1.1 Programming Question -- see source files

1.2 Analysis

What is the role of learning rate on the efficiency of convergence during training?

Answer: A lower eta value (sucha as 0.0001) causes the program to need longer time to reach a it's best accuracy. But a too high value of eta (0.5) causes the accuracy not to converge.


In [1]:
import matplotlib.pyplot as plt
import json
import numpy as np
plt.style.use('ggplot')
%matplotlib inline
from collections import defaultdict
import seaborn as sns
import pandas as pd

In [2]:
df = pd.read_csv('../hw2/hw2_1_out.csv')

In [3]:
x = np.arange(10)
eta_list = df['eta'].unique()
y_list = defaultdict(defaultdict)
for idx, eta in enumerate(eta_list):
    y_list[idx]['eta'] = eta
    y_list[idx]['train_acc'] = df[df['eta']==eta]['train_acc']
    y_list[idx]['test_acc'] = df[df['eta']==eta]['test_acc']

In [4]:
plt.clf()
fig = plt.figure()
ax = fig.add_subplot(1,1,1)
sns.set_style("whitegrid")



for idx, y_n in y_list.items():
    line, = ax.plot(x, y_n['test_acc'] , lw=2, label=y_n['eta'])

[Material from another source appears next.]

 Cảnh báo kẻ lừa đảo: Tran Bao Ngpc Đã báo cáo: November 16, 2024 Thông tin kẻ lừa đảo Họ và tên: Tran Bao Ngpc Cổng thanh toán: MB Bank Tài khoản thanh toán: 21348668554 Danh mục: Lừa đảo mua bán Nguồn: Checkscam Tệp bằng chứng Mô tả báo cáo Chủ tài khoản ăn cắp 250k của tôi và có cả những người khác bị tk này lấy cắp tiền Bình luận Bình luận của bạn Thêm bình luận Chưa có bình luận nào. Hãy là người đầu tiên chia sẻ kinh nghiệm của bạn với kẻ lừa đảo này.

ax.set_xlim(-1, len(x) + 1)
ax.set_ylim(0.90,1.00)

ax.set_xlabel('Epochs')
ax.set_ylabel('Test Accuracy')

#Now this is actually the code that you need, an easy fix your colors just cut and paste not you need ax.
colormap = plt.cm.gist_ncar #nipy_spectral, Set1,Paired  
colorst = [colormap(i) for i in np.linspace(0, 0.9,len(ax.collections))]       
for t,j1 in enumerate(ax.collections):
    j1.set_color(colorst[t])



plt.title('Q 1.2 Logistic Regression \n Test Accuracy for different values of eta')
plt.legend(bbox_to_anchor=(1.05, 1), loc=2)
plt.show()
plt.clf()
plt.close(fig)


<matplotlib.figure.Figure at 0x117ab0780>
<matplotlib.figure.Figure at 0x11aea4be0>

As you can see in the plot. In general accuracy increases with epoch. The exception is if eta is too large. If eta is too small it takes longer to reach a maximum value.

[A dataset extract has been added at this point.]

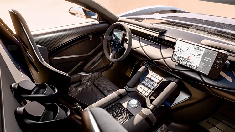 这款概念车最令人震撼的是其动力核心:一台能爆发出1115马力(约1100匹) 及117.6kgm峰值扭矩的高性能V8发动机。配合18英寸防脱轮圈与定制的40英寸巨型越野轮胎,配置了Brembo赛车级制动系统,使其具备了征服沙漠等极端地形的强大潜力。个性的外观和强大的动力,让该车成为了面向阿联酋富豪的终极玩具。

For example eta = .0001 is monotonically increasing byt starts at much lower test accuracy for eta > 0.5 the accuracy varies greatly as the number of epcohs (passes) increases

2.0 Feature Engineering

2.1 Add features - see source files

2.2 Analysis

  1. What custom features did you add/try (other than n-grams)? How did those additional fea- tures affect the model performance? Why do you think those additional features helped/hurt the model performance?

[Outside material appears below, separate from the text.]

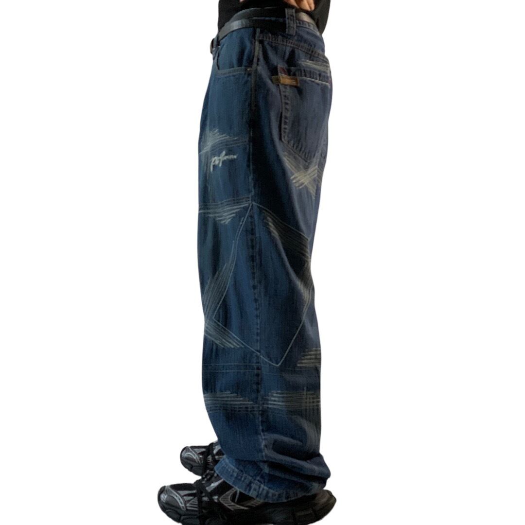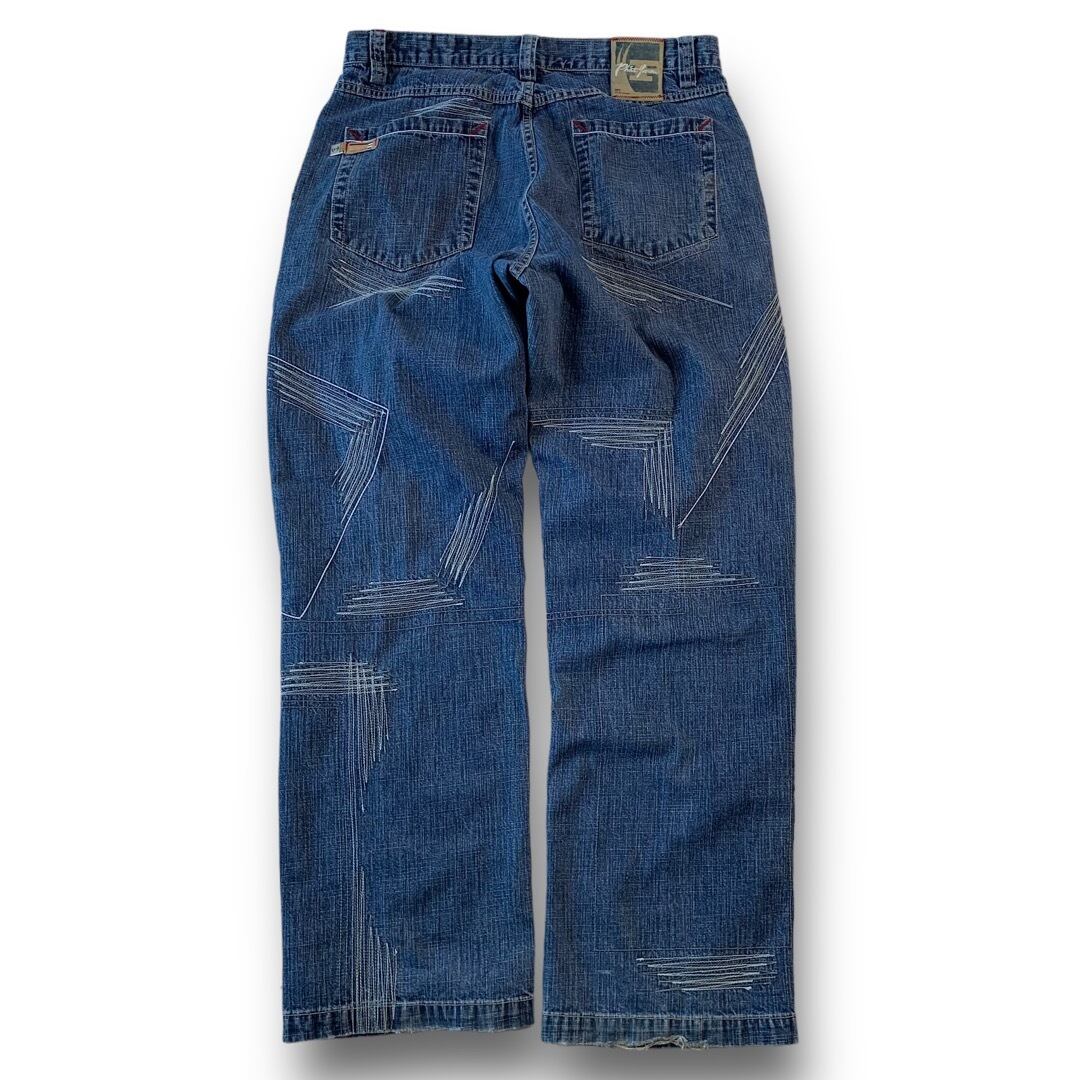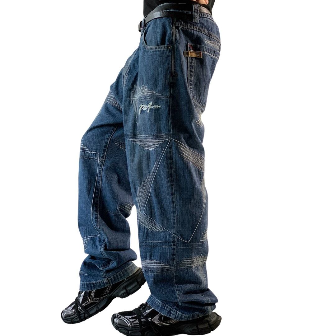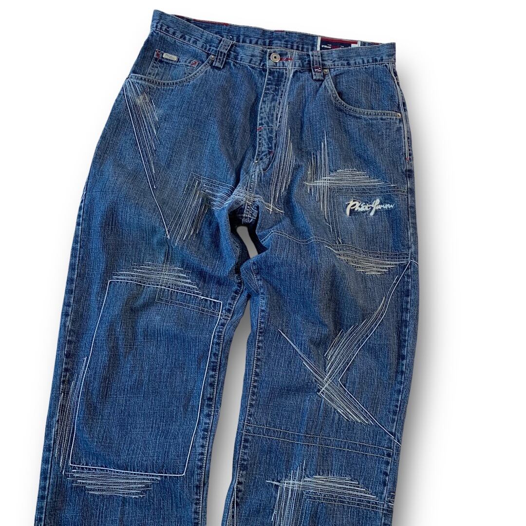 ♾PHAT FARM♾ Design stitch work wide buggy denim pants

0) Given review Length -- Test Accuract 0.49
I added:
1) words associated with positive review -- 0.573 test Accuracy
2) word associated with negative reviews -- 0.547 test accuracy
3) 2-gram and 3-gram Bag of word Counts -- 0.67 test Accuracy
4) single word Tfidf (unigram) -- 0.865 Test accuracy

(This is accuracy is when used separatly)

Combined accuracy when using all -- 0.667 test accuracy

There was only one thing to do featureization on and that was the text. Therefore all the analyzers user the texts.

The basic feature of counting length appeared to be no better than guessing. All of the features I added improved performane, the best individual was the unigram tfidf

Since the length of review had only 50% accuracy anything that had predicted value improved performance

I used a count of words associated with positive and negative reviews

The effect of using multiple analyzers left the accuracy in between the highest and lowest analyzer.

I did not normalize the features. Therefore the word count probably had the largest influence over the number of passes. The code could be improved by noramalizing all the features so they can be weighed equally.

2.2. What are unigrams, bigrams, and n-grams? When you added those features to the Feature- Union, what happened to the model performance? Why do these features help/hurt?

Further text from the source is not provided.